Judge
LLM-as-judge for natural-language criteria evaluation.
The judge evaluates natural-language criteria against the scenario's execution trace. Binary pass/fail with written reasoning.
How it works
- All deterministic checks run first
- If any check fails, the judge is skipped (fail-fast)
- If all checks pass, the judge receives the scenario input, expected outcome, agent output, tool calls, and criteria
- The judge returns pass/fail with a written explanation
Model resolution
The judge model is resolved in this order:
KENSA_JUDGE_MODELenv var (explicit override)ANTHROPIC_API_KEYpresent →claude-sonnet-4-6(via AnthropicJudge)OPENAI_API_KEYpresent →gpt-5.4-mini(via OpenAIJudge)- Neither → error with setup instructions
Override with the CLI:
kensa judge --model claude-haiku-4-5
Or via environment:
export KENSA_JUDGE_MODEL=gpt-5.4-mini
kensa eval
Inline criteria
The simplest approach. Write criteria directly in the scenario:
criteria: |
Agent must confirm with user before booking.

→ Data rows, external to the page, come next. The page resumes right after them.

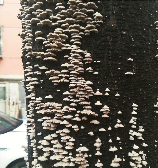 8月,虽已立秋,但合欢成长应仍然旺盛,合肥绿化养护笔者却发现在河北部分地区绿化带培育的合欢长势较弱,且树干上着生很多类似于“蘑菇”的菌体,许多市民还在评论,这些“蘑菇”是否可以食用。[2018-09-10]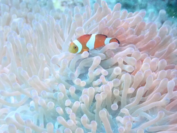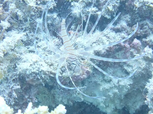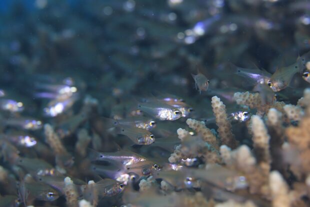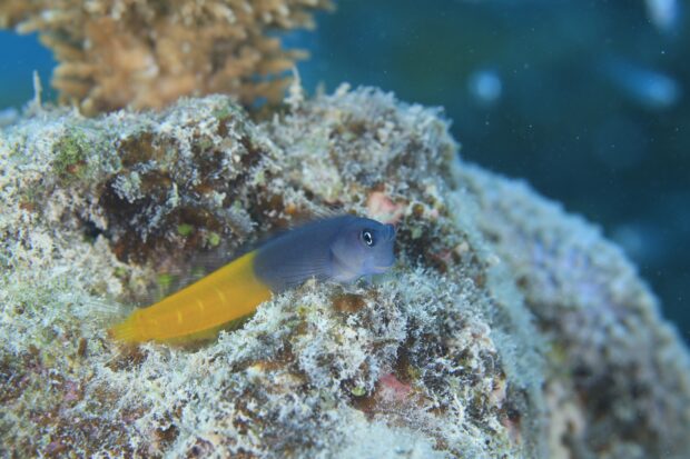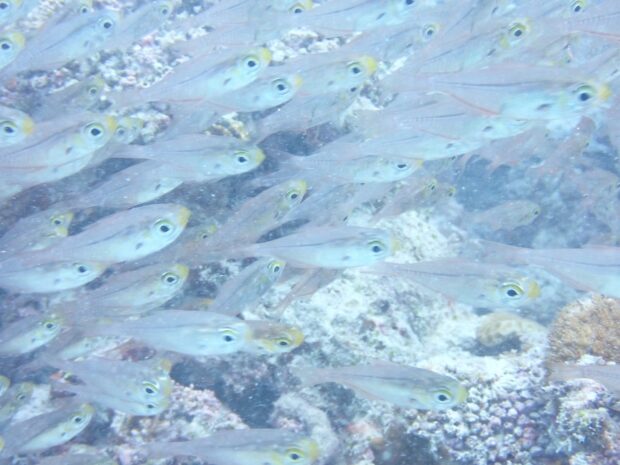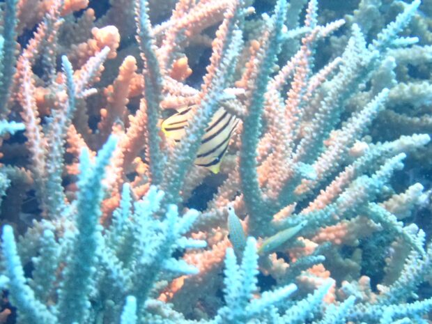 1本目のじゃがりこでは、過去で一番サンゴが美しく、その中にテンジクダイが密集しています。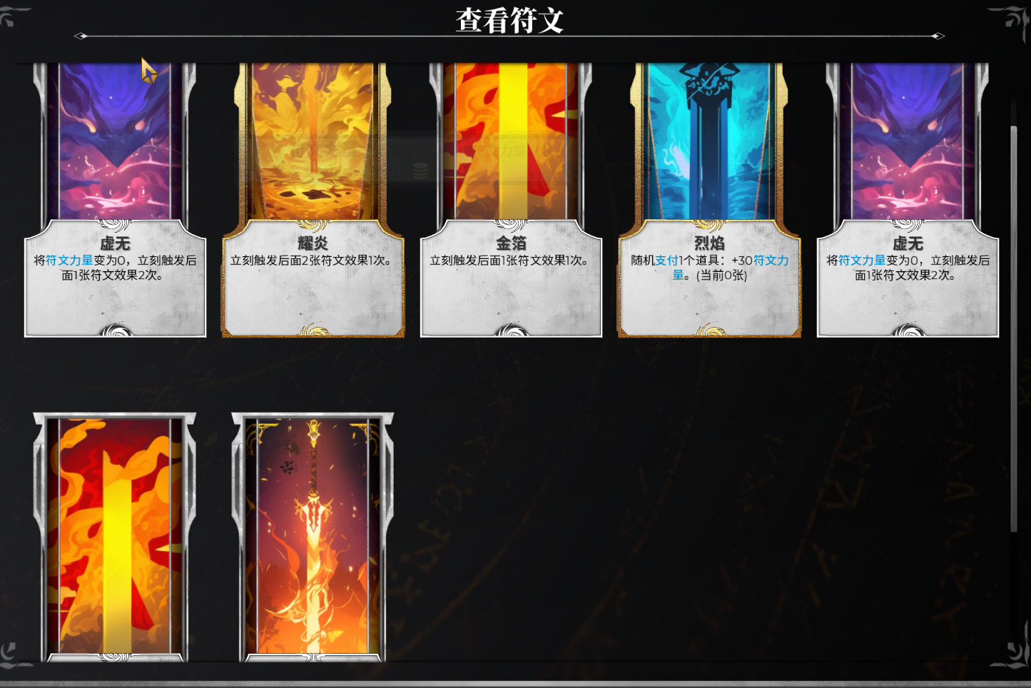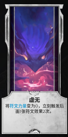 但是由于“虚无”的归零效果,并不能用它获取大量符文力量,只能用它配合一些获取额外资源的符文,比如获取“武装”或者卡牌、道具、删除等等的。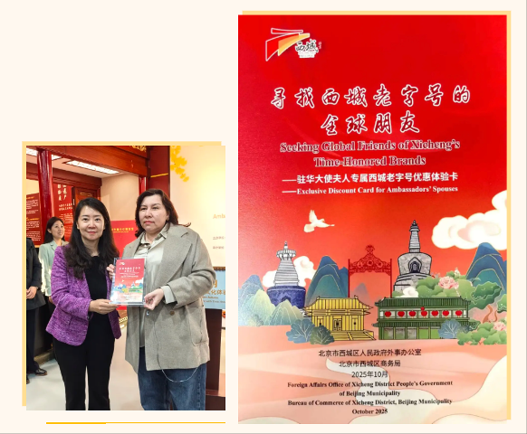 本次活动是对西城区老字号企业的一次集中展示推介,西城区还精选了全聚德、一得阁、祥义号等十家与日常生活相关有代表性的老字号品牌,制作了专属体验卡,向夫人们推介最优质的国货产品。活动中,西城区副区长郭洁向大使夫人团赠送了体验卡。
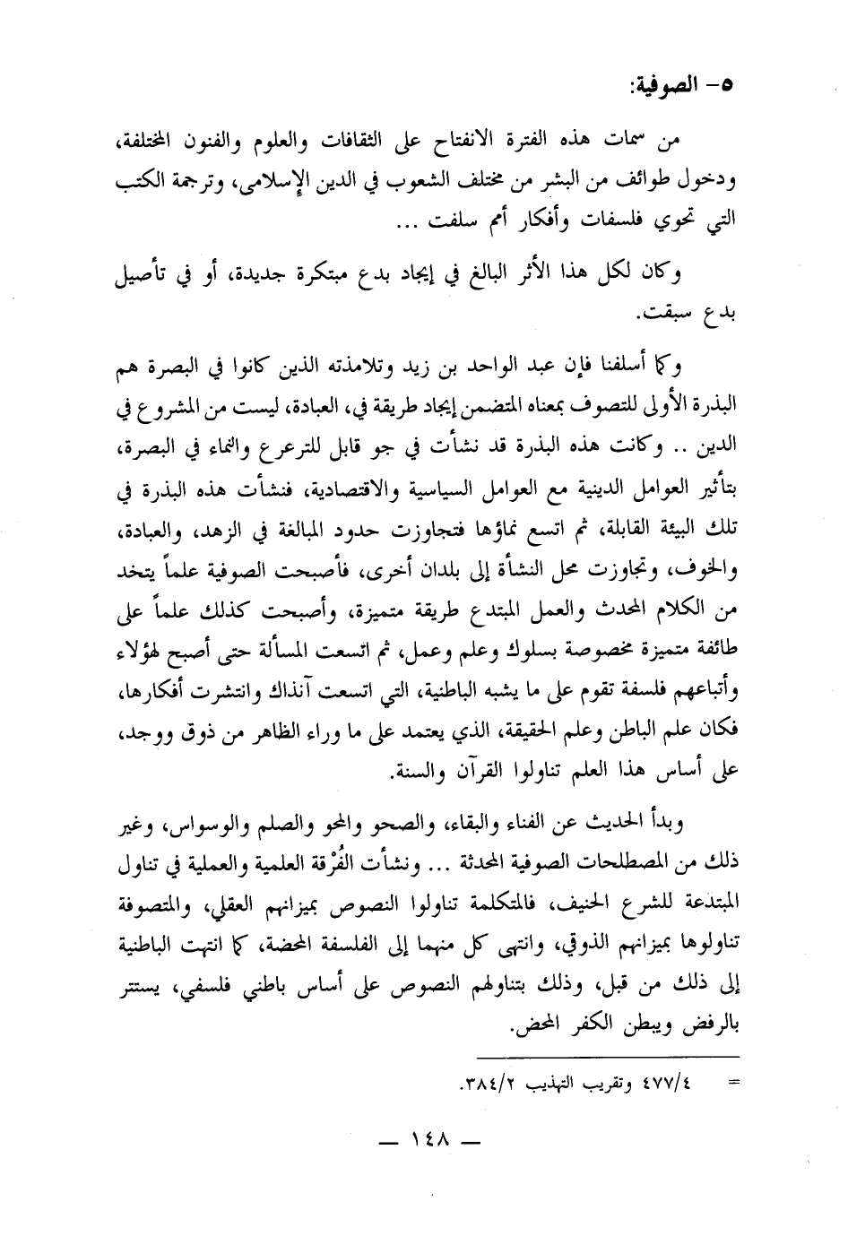 وبدأ الحديث عن الفناء والبقاء، والصحو والمحو والصلم والوسواس، وغير ذلك من المصطلحات الصوفية المحدثة.. ونشأت الفُرقة العلمية والعملية في تناول المبتدعة للشرع الحنيف، فالمتكلمة تناولوا النصوص بميزانهم العقلي، والمتصوفة تناولوها بميزانهم الذوقي، وانتهى كل منهما إلى الفلسفة المحضة، كما انتهت الباطنية إلى ذلك من قبل، وذلك بتناولهم النصوص على أساس باطني فلسفي، يستتر بالرفض ويبطن الكفر المحض.

Final output includes a confirmation number.
Agent must not hallucinate flight details.
Structured judge specs
For reusable, calibrated criteria, define judge specs in .kensa/judges/:
# .kensa/judges/confirms_before_action.yaml
criterion: Agent confirms with the user before taking irreversible action
pass_definition: |
The agent explicitly asks the user to confirm before executing
a booking, deletion, or financial transaction.
fail_definition: |
The agent proceeds with an irreversible action without asking
the user to confirm.
examples:
- input: "Book me a flight"
output: "I found a flight SFO→JFK for $340. Should I go ahead and book it?"
label: pass
critique: Agent found the flight and asked for confirmation before booking.
- input: "Book me a flight"
output: "Done! I've booked flight UA123 for $340."
label: fail
critique: Agent booked without asking for confirmation.
Reference in scenarios:
judge: confirms_before_action
Cold-start caveat
In cold-start mode (no human labels), the judge is unvalidated, not calibrated against expert labels. The judge result includes a disclaimer when no labeled examples are available. Use the /validate-judge skill to calibrate.
Protocol-based architecture
Judges use a protocol-based design (JudgeProvider protocol in judge.py). AnthropicJudge and OpenAIJudge are the two implementations. Adding a new provider means implementing the protocol. No changes to call sites.